* **DATA SHOWN**:
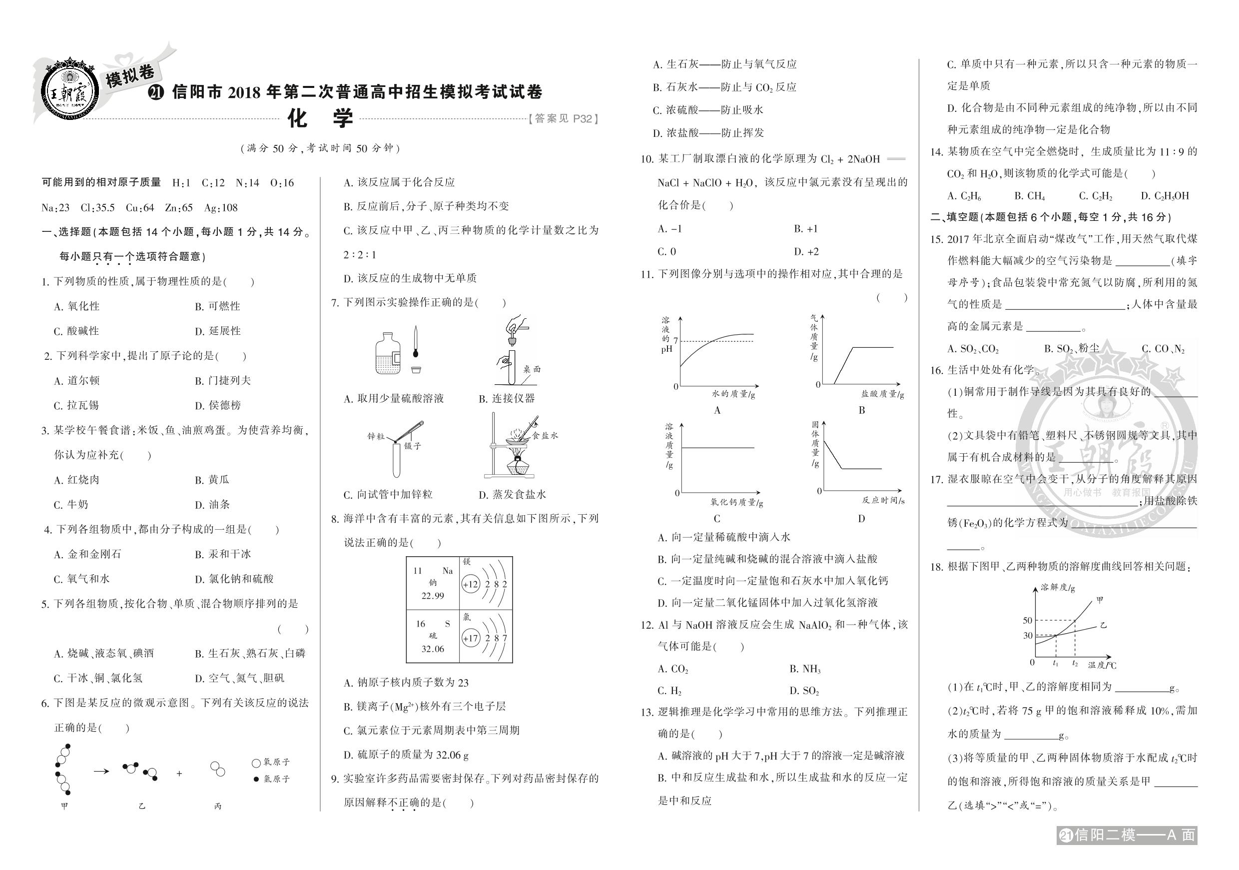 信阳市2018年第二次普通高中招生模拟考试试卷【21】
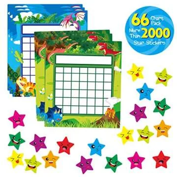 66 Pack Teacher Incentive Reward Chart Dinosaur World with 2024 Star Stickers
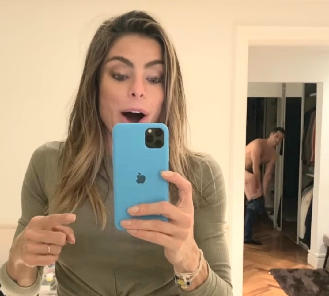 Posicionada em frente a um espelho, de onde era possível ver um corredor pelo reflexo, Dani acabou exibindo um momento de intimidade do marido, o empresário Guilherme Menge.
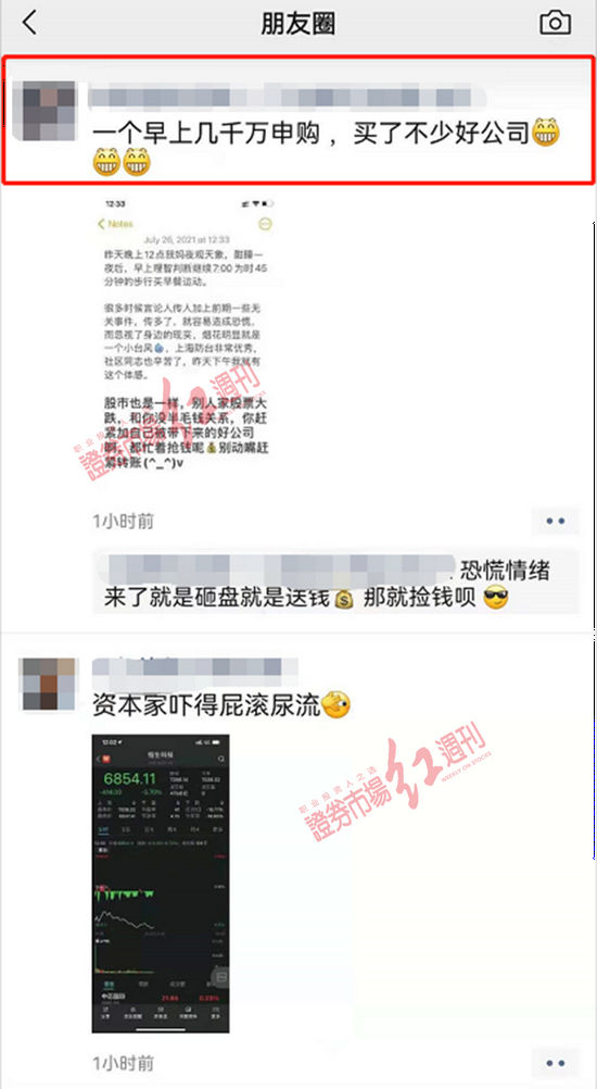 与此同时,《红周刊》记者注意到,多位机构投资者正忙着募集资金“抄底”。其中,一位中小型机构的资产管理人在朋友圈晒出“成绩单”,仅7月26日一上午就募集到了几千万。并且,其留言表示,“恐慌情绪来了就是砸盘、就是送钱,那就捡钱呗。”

* **WHAT THE TASK ASKS**: Output all lines above precisely. Pictures are to be left out.

* **RESULT OF THIS EXERCISE**:
 信阳市2018年第二次普通高中招生模拟考试试卷【21】
 66 Pack Teacher Incentive Reward Chart Dinosaur World with 2024 Star Stickers
 Posicionada em frente a um espelho, de onde era possível ver um corredor pelo reflexo, Dani acabou exibindo um momento de intimidade do marido, o empresário Guilherme Menge.
 与此同时,《红周刊》记者注意到,多位机构投资者正忙着募集资金“抄底”。其中,一位中小型机构的资产管理人在朋友圈晒出“成绩单”,仅7月26日一上午就募集到了几千万。并且,其留言表示,“恐慌情绪来了就是砸盘、就是送钱,那就捡钱呗。”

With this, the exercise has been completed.